A Network Model With Two Spatial (GR) Graphs—IFN Can Effectively Halt Infection When Infection Is Spatial

For most viruses, initial viral infection events at the site of viral entry are expected to occur at the peripheral tissue where host cells are spatially structured. Spatial infection spread has also been shown to be a prominent infection mode of many viruses, especially for virus infections in the tissue (2224). To evaluate the effectiveness of the IFN response in tissue, we constructed a multiplex network where the two layers are assumed to be GR graphs (see Methods). In the GR graph, we define nodes on a two-dimensional space and a maximal distance (i.e., radius of virus or IFN diffusion) such that an edge exists between two nodes only if the distance between two nodes is shorter than the radius of diffusion.

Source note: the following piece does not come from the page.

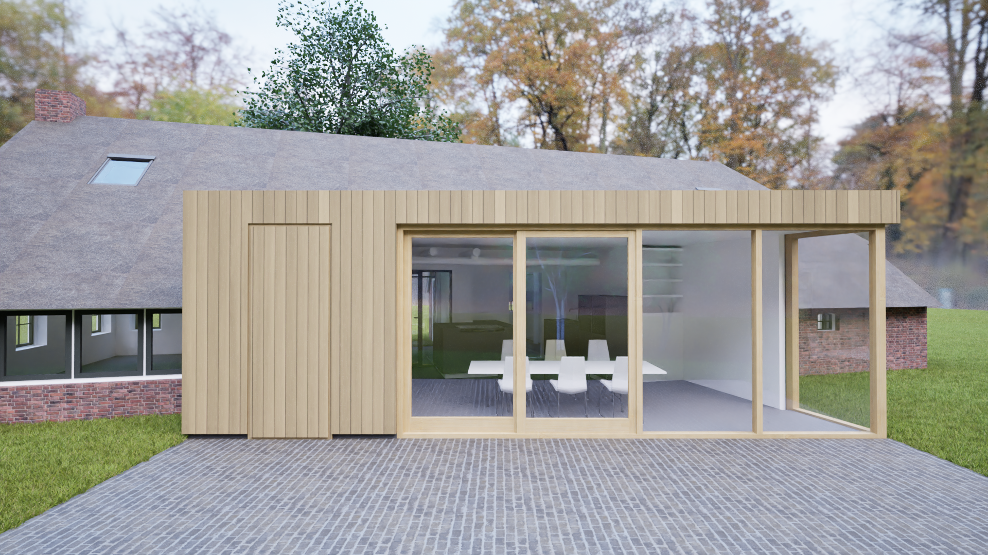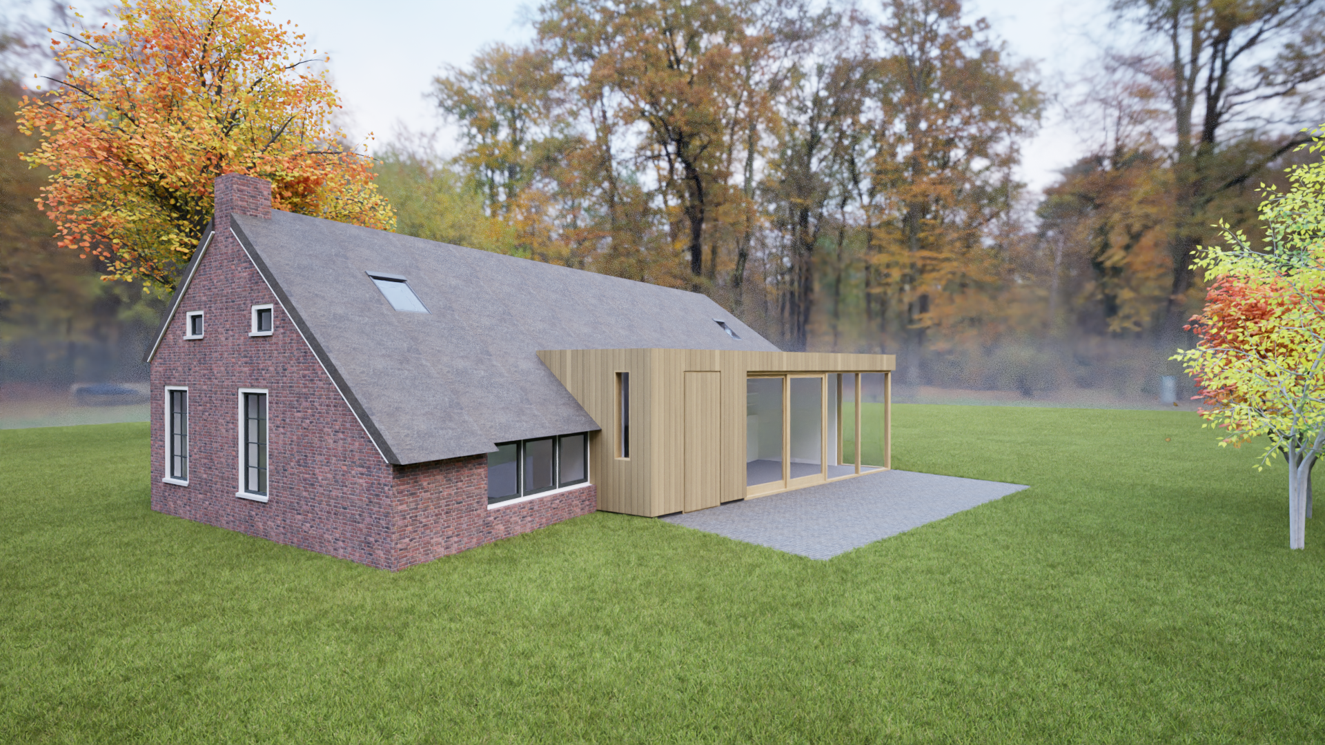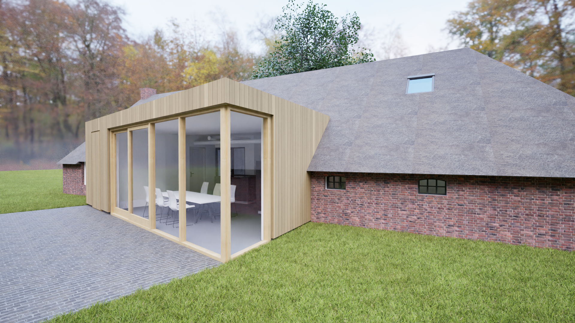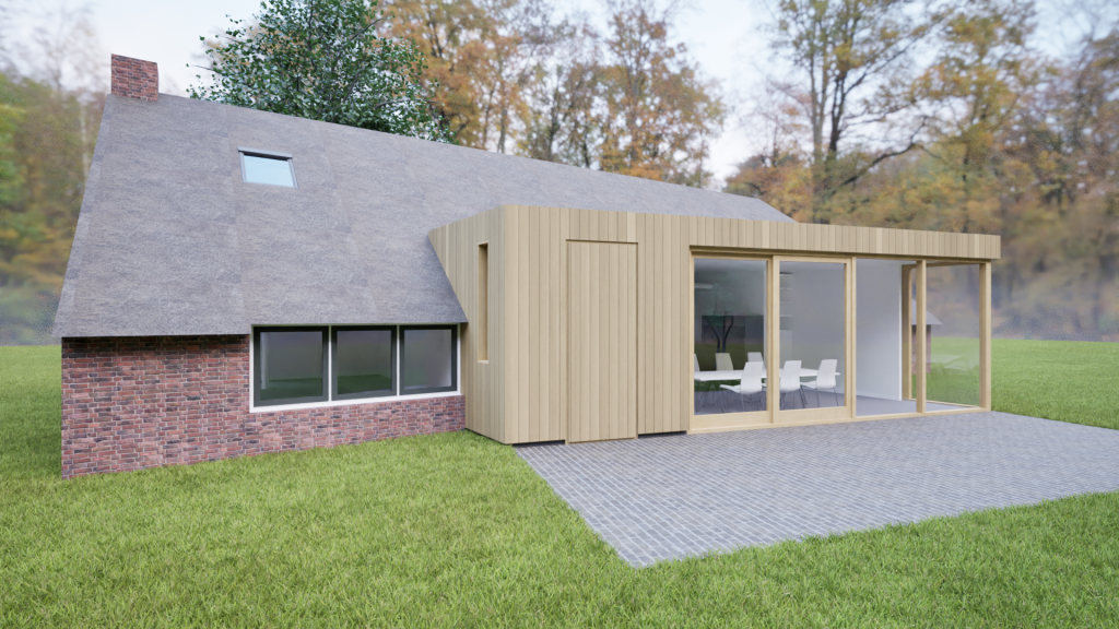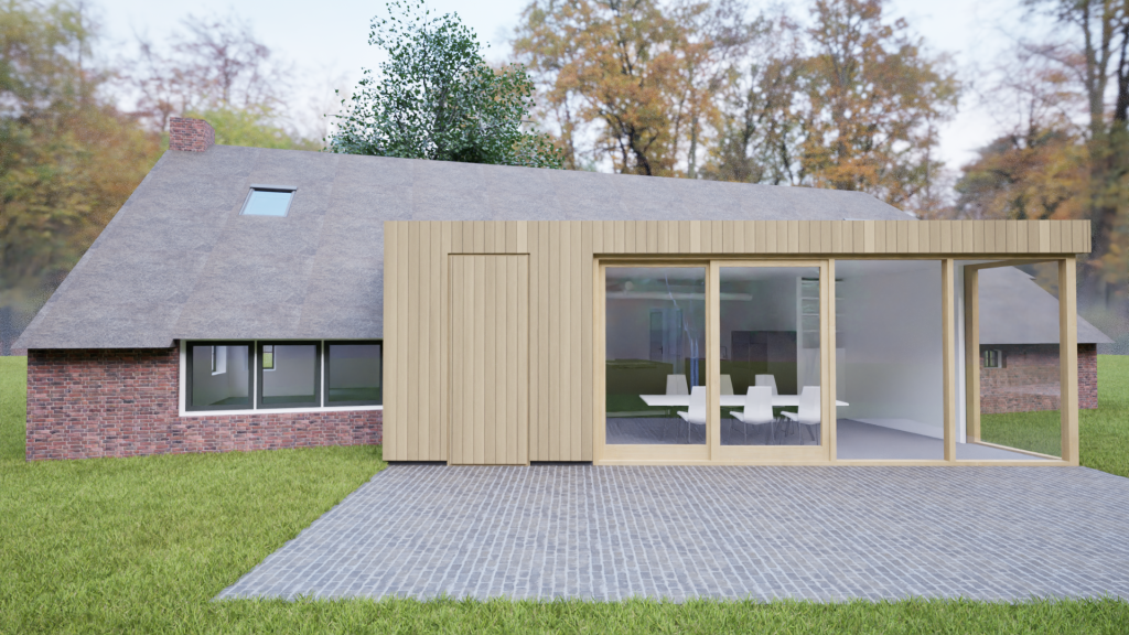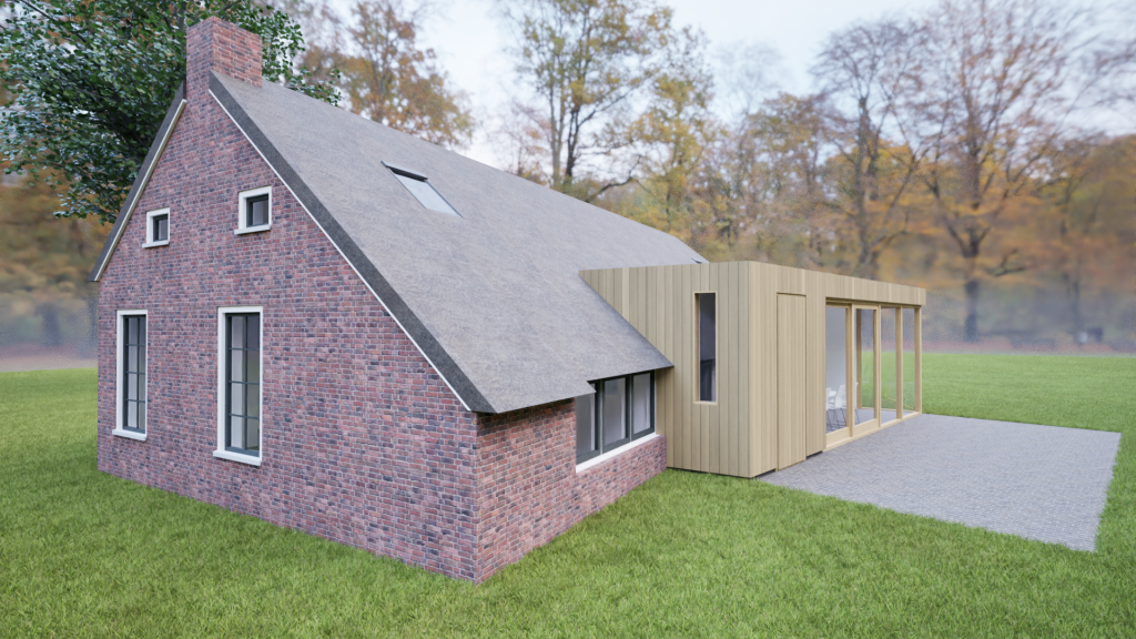 Deze voormalige keuterij in Drenthe ligt in een prachtige landelijke omgeving. Eigenaren hadden als wens meer contact met de tuin vanuit een ruimere leefkeuken. Een eenvoudige houten aanbouw vormt zich als een vleugel aan het boerderijtje en geeft via een grote glaspui zicht op de groene omgeving. We gaan starten met de uitvoering!

We simulated the model and found that strikingly, over a large parameter range of virus infectivity (measured by R-I), IFN protection of susceptible cells works much more effectively in the GR network than in the ER network. As shown in Figure 2A, the IFN response halts infection such that the total number of infected cells are kept at very low levels for a much wider range of virus infectivity. IFN protection also leads to a much lower total number of protected cells in the GR network than in the ER network (Figure 2B). This conclusion holds true as long as the individual-cell effectiveness of the IFN signaling (measured as RF; defined in Methods) is sufficiently high, e.g., when RF > RI (Figure S1).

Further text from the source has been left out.